I'm not overly bothered where the opt pass rests at the moment personally (provided I can make it a little more operation agnostic), so I'm happy to change this opt pass to reside in the OpenMP dialect or the FIR dialects depending on the outcome of both (@kiranchandramohan @skatrak) your discussions and if the CallOpInterface yields any success.

I do not think it being part of the OpenMP dialect will prevent it being called early on (it currently happens just before verification, in the same opt pipeline, which I believe is directly after lowering, it is only optional added to the pipeline based on the OpenMP flag being set currently. As far as I am aware this is where the rest will be called as well), but being cautious with testing the flow before making it part of the OpenMP Dialect seems reasonable, although I don't think anything is going to use it in the meantime, at least until/if Clang swaps over to generating MLIR.

flang/lib/Optimizer/Transforms/OMPCaptureImplicitDeclTar.cpp
79 ↗(On Diff #536346)

I'll see how difficult this is to add, but it may end up being a TODO!

I have not gone through the details. But the function calls in FIR always exist as a fir.call till conversion to llvm.call.

You are right, I wasn't aware of this. Then, as you say, the alternative to having this pass work as part of the OpenMP dialect would be to use the CallOpInterface rather than searching for func.call.

Practically, this also gives you a lot of leeway to experiment and make changes. Once we are all clear with the flow then we can think of moving these to the OpenMP Dialect.

That is a good point. By the same logic, then it would be probably good to also define the passes for target region outlining and host/device function filtering inside of Flang at first. Once all this stabilizes, then we can think of moving these (and potentially other) transformation passes to the dialect. Even then, it would be worthwhile to try implementing these passes without dependencies to the FIR dialect as much as possible, so that the eventual move won't be too involved.
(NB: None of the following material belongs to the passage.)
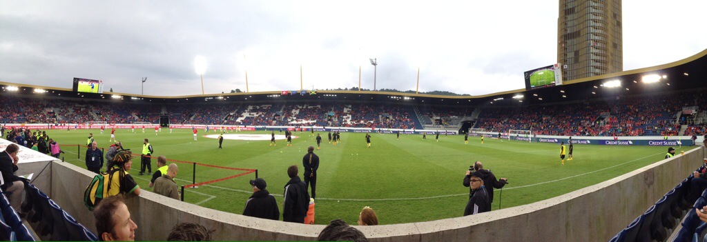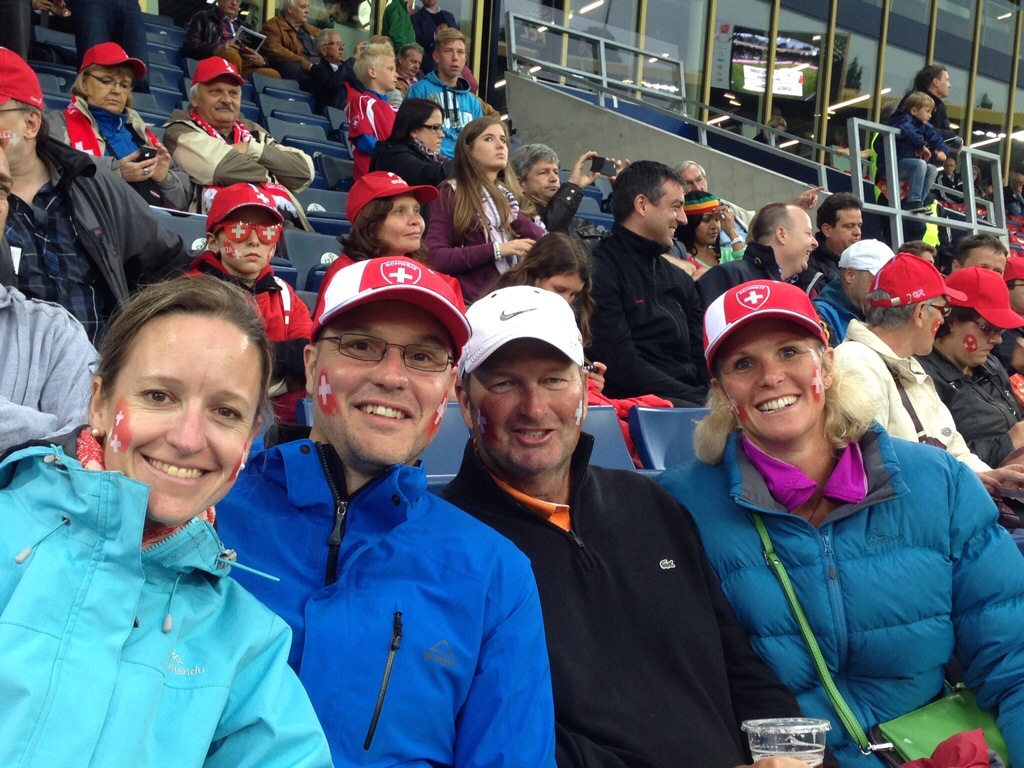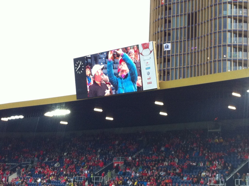 Karin & Elvis had planned a surprise for us on Friday night. We had an early dinner and had to leave for the train station by 6.45pm. We got off the train and saw all these people in Swiss hats, scarves etc… so thought we must be going to some sort of sport’s event. When we got closer to the stadium they told us we were going to see the Swiss Football team play Jamaica in a friendly match as part of the Swiss teams build up for the World Cup being held in South America from mid June.

I'm not overly bothered where the opt pass rests at the moment personally (provided I can make it a little more operation agnostic), so I'm happy to change this opt pass to reside in the OpenMP dialect or the FIR dialects depending on the outcome of both (@kiranchandramohan @skatrak) your discussions and if the CallOpInterface yields any success.
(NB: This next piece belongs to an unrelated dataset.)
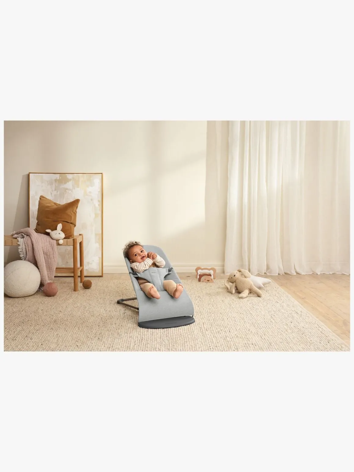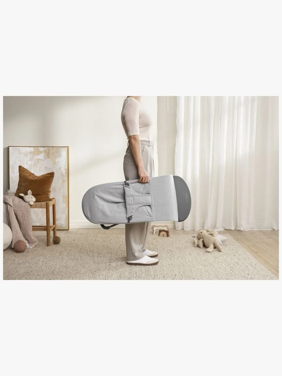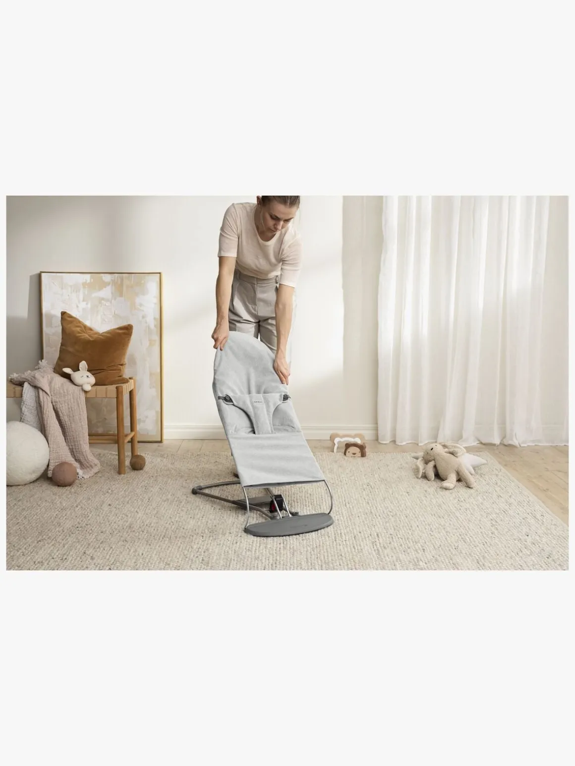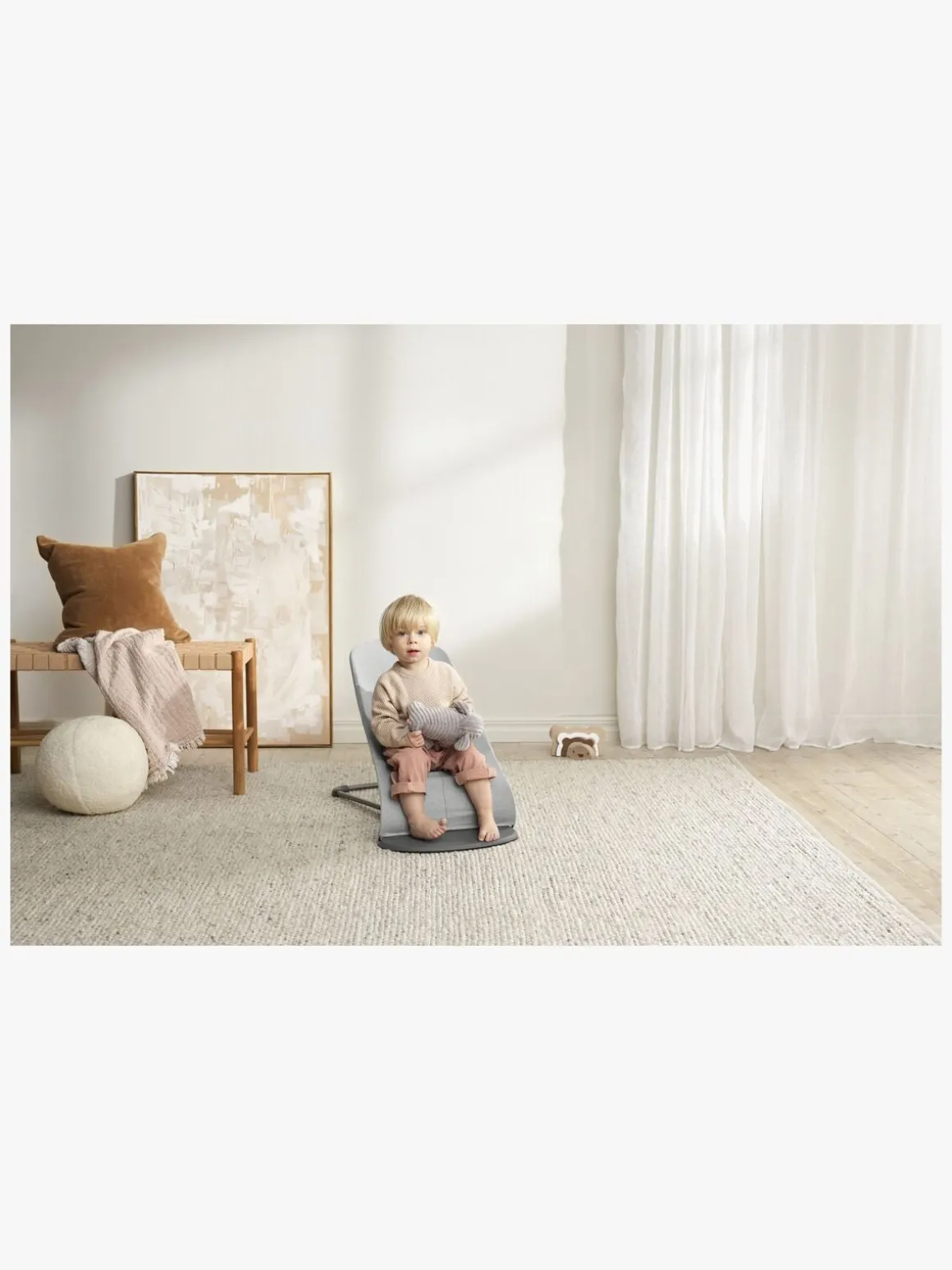 – Når barnet kan sidde uden støtte, kan skråstolen laves om til en stol.

I think it's fine to keep it as part of Flang for now, but trying to use the CallOpInterface if possible, to remove the dependency on the FIR dialect.

I do not think it being part of the OpenMP dialect will prevent it being called early on (it currently happens just before verification, in the same opt pipeline, which I believe is directly after lowering, it is only optional added to the pipeline based on the OpenMP flag being set currently. As far as I am aware this is where the rest will be called as well), but being cautious with testing the flow before making it part of the OpenMP Dialect seems reasonable, although I don't think anything is going to use it in the meantime, at least until/if Clang swaps over to generating MLIR.
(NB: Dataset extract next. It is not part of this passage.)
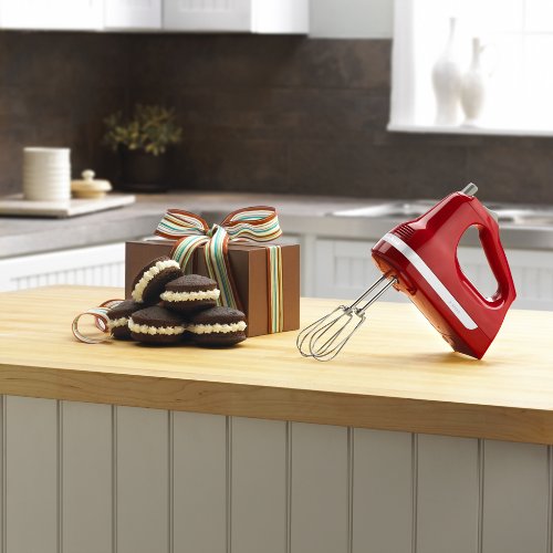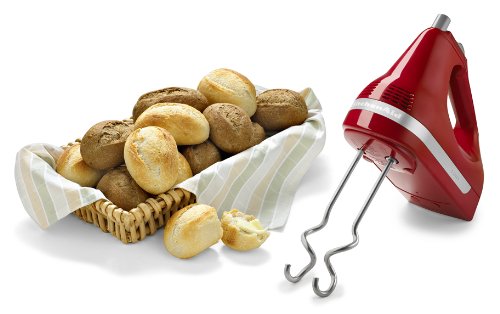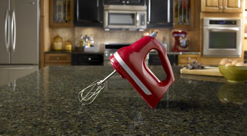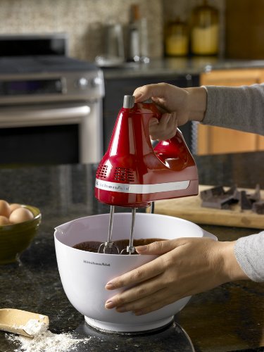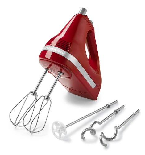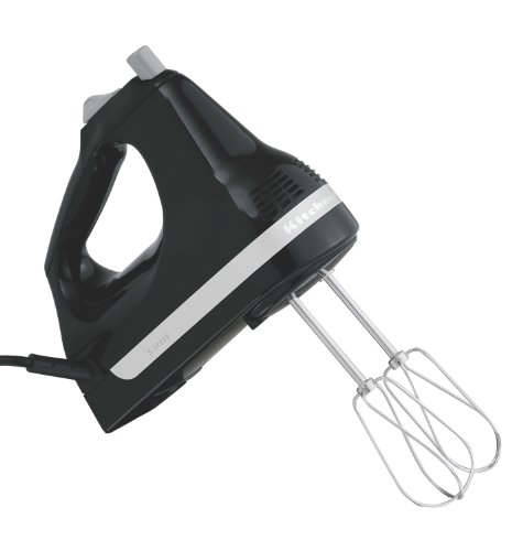 Equipped with a powerful yet quiet motor, this lightweight five-speed hand mixer features turbo-powered beaters and an electronic mixing sensor to efficiently whip cream, mix cake batters, beat eggs, and more. The unit's well-balanced ergonomic design eases mixing fatigue, and its handle is angled to minimize wrist strain. Other highlights include an oversized beater-ejector button, a rounded power cord, protected air vents, and a stable heel rest. To clean, wash the beaters in hot, soapy water and wipe the body with a clean, damp cloth. The mixer measures 7-1/2 inches long by 6-1/2 inches high and carries a one-year full warranty.Feature

I agree, I think at the moment it's not really that important where the pass is defined because it will be created in the same spots inside of Flang regardless.

agozillon updated this revision to Diff 537113.Jul 4 2023, 8:33 AM
  • [Flang][MLIR][OpenMP] Make the pass more generic and remove the use of Fir.CallOps via the CallOpInterface
  • [Flang][MLIR][OpenMP] Add comment for future extension for reverse-offloading
agozillon updated this revision to Diff 537114.Jul 4 2023, 8:35 AM
  • Add missing newlines at eof

Added utilisation of the CallOpInterface in the most recent set of commits so it's now no longer dependent on FIR in it's current incarnation. Also added a TODO for the reverse-offloading support, as unfortunately the lowering from the PFT to the Op doesn't handle the device clause for the moment. Otherwise fixed the standard forgetting newlines at the end of new files that I always do (sorry)!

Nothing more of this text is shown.